EXERCISE REQUIREMENTS
Each line of the data below between the one containing "2 x ALUMINIUM" and the one containing "Afgewerkt met een", both included, is to be repeated exactly. Please omit pictures.

GIVEN ENTRIES
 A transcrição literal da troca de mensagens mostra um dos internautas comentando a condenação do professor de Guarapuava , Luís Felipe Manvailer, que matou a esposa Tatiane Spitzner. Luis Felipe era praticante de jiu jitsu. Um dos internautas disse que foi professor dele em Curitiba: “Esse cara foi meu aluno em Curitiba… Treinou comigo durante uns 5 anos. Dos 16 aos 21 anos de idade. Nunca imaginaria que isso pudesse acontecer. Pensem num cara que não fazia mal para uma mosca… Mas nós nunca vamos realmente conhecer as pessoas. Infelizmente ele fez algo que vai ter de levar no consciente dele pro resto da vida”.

* * *

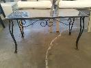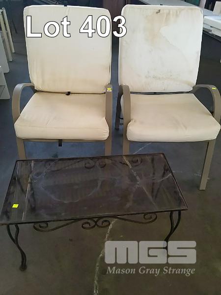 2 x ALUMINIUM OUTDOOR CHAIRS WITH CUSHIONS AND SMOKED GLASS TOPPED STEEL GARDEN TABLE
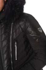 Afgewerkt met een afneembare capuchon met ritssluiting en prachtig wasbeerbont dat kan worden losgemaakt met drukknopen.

WRITTEN SOLUTION
 2 x ALUMINIUM OUTDOOR CHAIRS WITH CUSHIONS AND SMOKED GLASS TOPPED STEEL GARDEN TABLE
 Afgewerkt met een afneembare capuchon met ritssluiting en prachtig wasbeerbont dat kan worden losgemaakt met drukknopen.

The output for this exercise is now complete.